## Data supplied
Start of Block

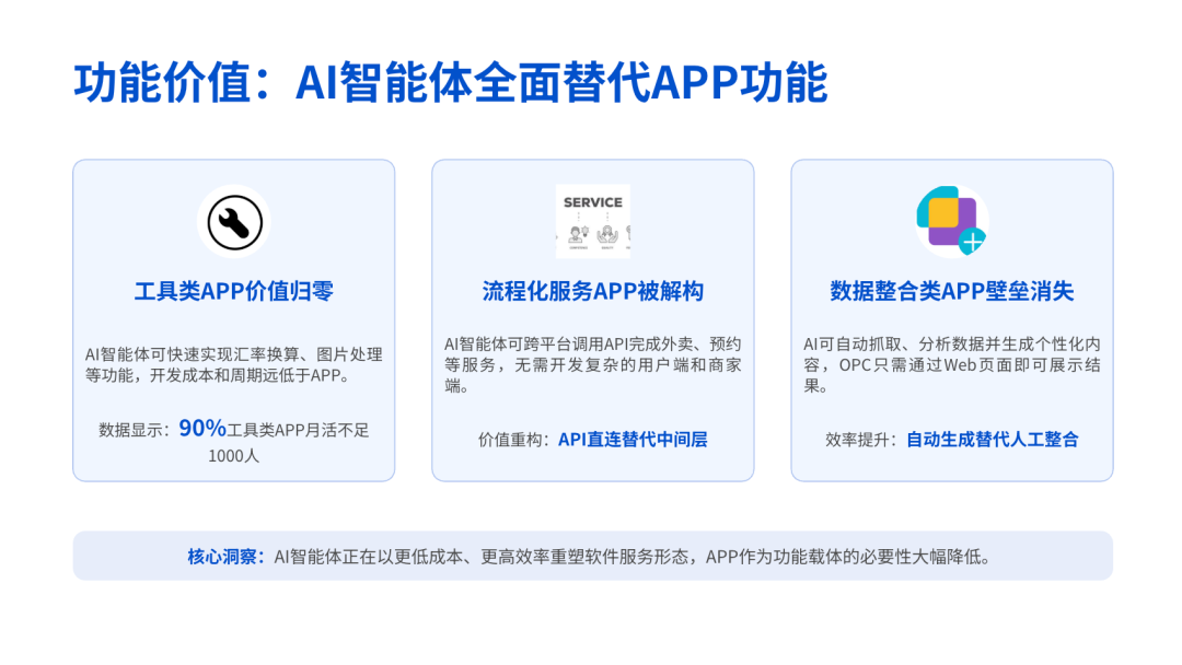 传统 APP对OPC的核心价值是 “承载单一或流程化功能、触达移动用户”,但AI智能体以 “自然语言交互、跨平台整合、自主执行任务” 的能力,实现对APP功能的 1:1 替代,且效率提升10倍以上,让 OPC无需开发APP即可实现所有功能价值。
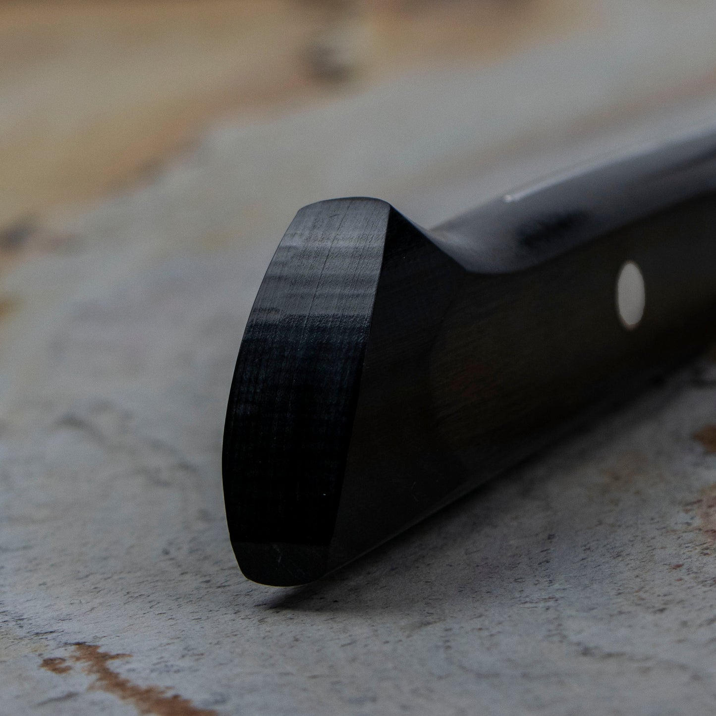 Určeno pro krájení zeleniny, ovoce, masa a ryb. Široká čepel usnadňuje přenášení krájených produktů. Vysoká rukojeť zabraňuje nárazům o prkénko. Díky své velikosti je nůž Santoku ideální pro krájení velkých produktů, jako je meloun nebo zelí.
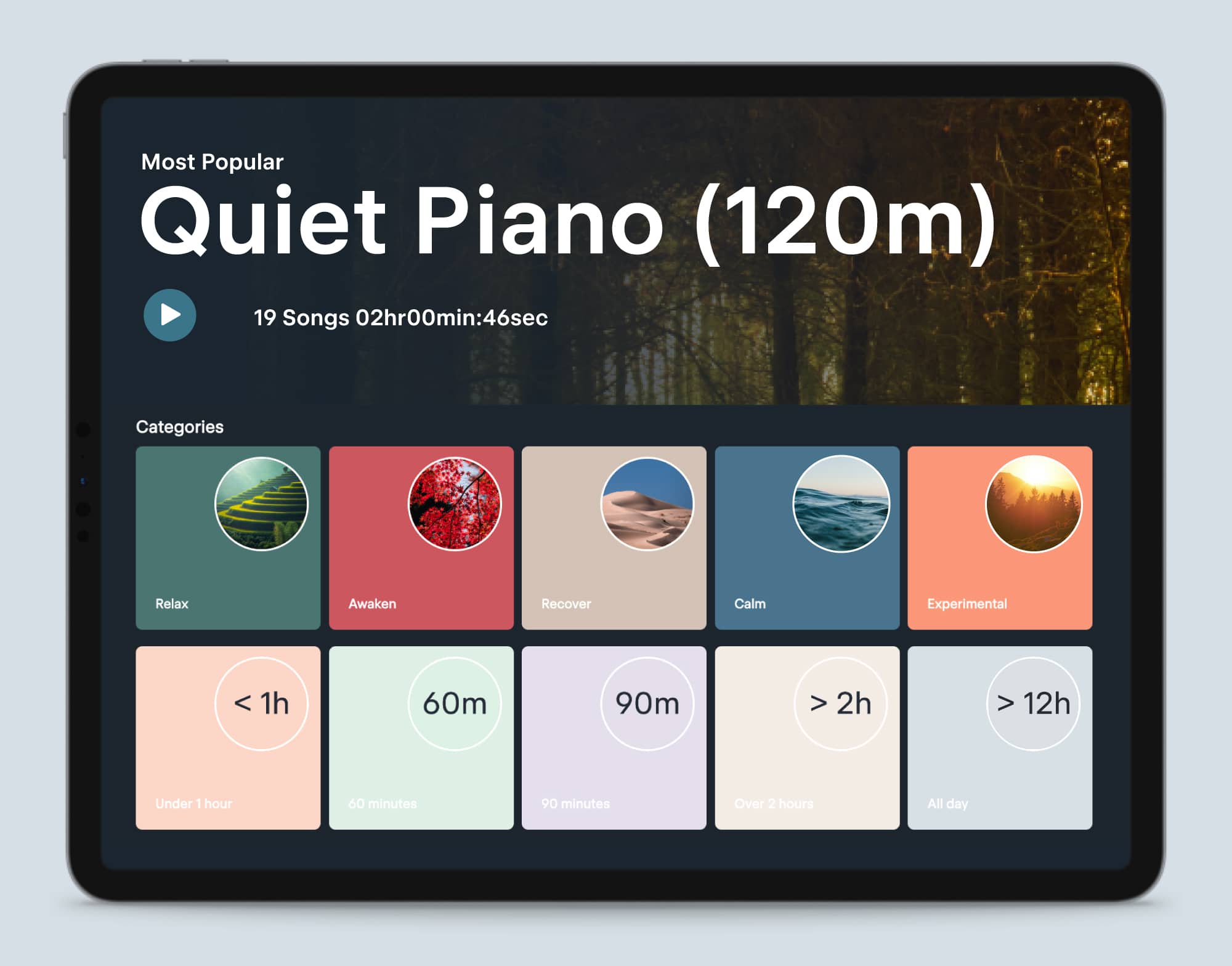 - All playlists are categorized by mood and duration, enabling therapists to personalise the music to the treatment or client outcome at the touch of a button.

End of Block
Start of Block

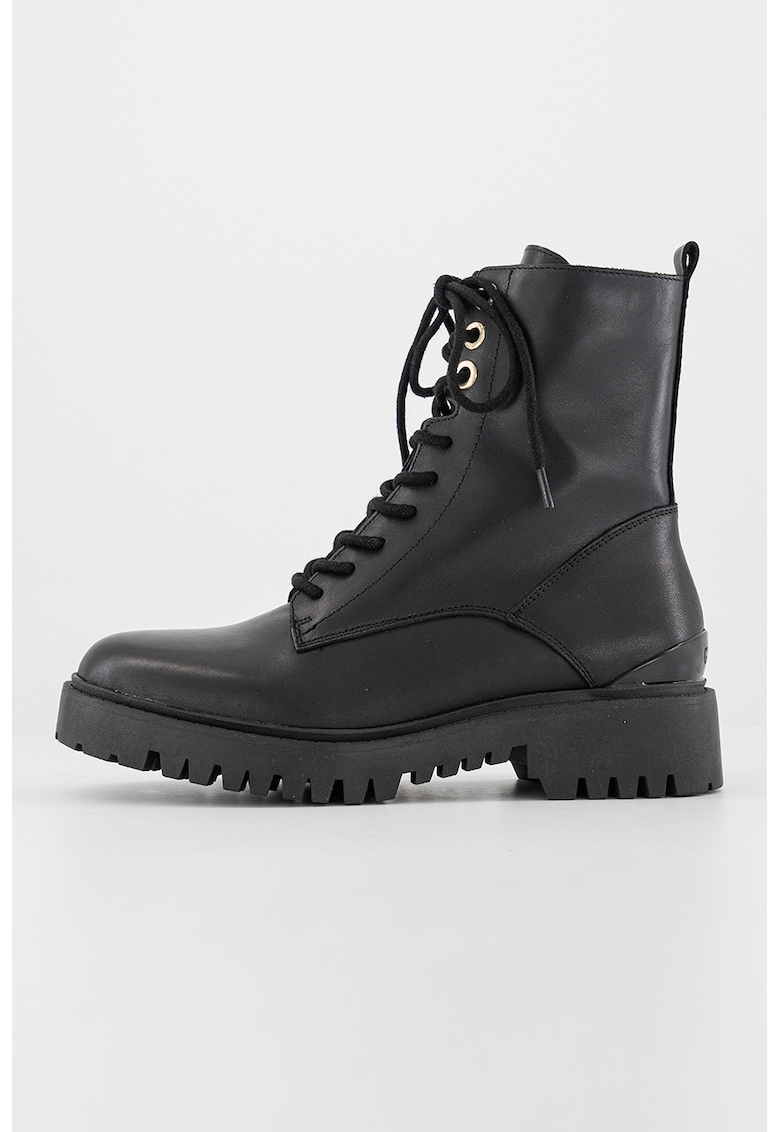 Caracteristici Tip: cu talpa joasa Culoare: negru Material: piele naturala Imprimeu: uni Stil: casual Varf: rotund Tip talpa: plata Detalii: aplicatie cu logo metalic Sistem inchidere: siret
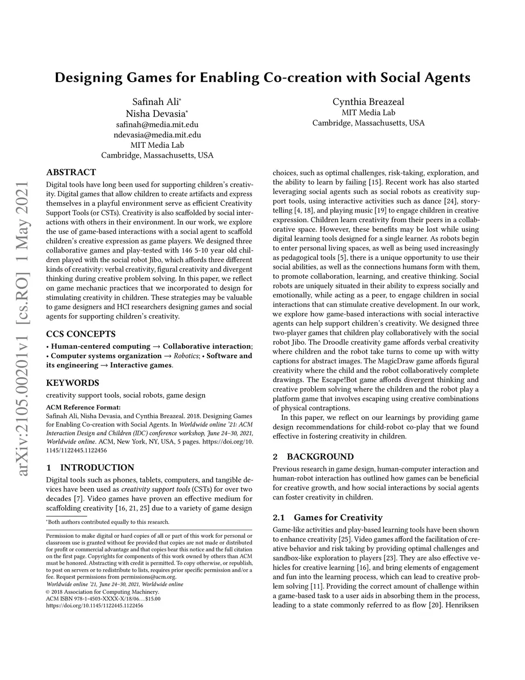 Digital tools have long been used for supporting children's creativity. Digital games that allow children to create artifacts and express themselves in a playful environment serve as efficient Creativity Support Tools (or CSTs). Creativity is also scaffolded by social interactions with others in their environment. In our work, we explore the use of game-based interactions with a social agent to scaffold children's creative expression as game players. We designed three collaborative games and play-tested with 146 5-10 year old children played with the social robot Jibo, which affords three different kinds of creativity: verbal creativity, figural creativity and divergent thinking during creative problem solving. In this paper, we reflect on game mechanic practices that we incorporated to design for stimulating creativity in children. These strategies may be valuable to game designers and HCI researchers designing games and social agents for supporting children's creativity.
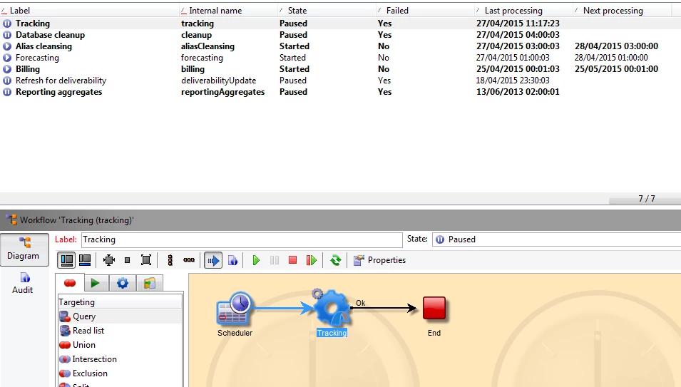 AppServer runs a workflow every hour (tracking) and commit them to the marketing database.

End of Block

## What is needed
From the records above, copy exactly the lines starting at the one with "Caracteristici Tip: cu" and ending at the one with "AppServer runs a", and no others. Pictures stay out.

## Task result
 Caracteristici Tip: cu talpa joasa Culoare: negru Material: piele naturala Imprimeu: uni Stil: casual Varf: rotund Tip talpa: plata Detalii: aplicatie cu logo metalic Sistem inchidere: siret
 Digital tools have long been used for supporting children's creativity. Digital games that allow children to create artifacts and express themselves in a playful environment serve as efficient Creativity Support Tools (or CSTs). Creativity is also scaffolded by social interactions with others in their environment. In our work, we explore the use of game-based interactions with a social agent to scaffold children's creative expression as game players. We designed three collaborative games and play-tested with 146 5-10 year old children played with the social robot Jibo, which affords three different kinds of creativity: verbal creativity, figural creativity and divergent thinking during creative problem solving. In this paper, we reflect on game mechanic practices that we incorporated to design for stimulating creativity in children. These strategies may be valuable to game designers and HCI researchers designing games and social agents for supporting children's creativity.
 AppServer runs a workflow every hour (tracking) and commit them to the marketing database.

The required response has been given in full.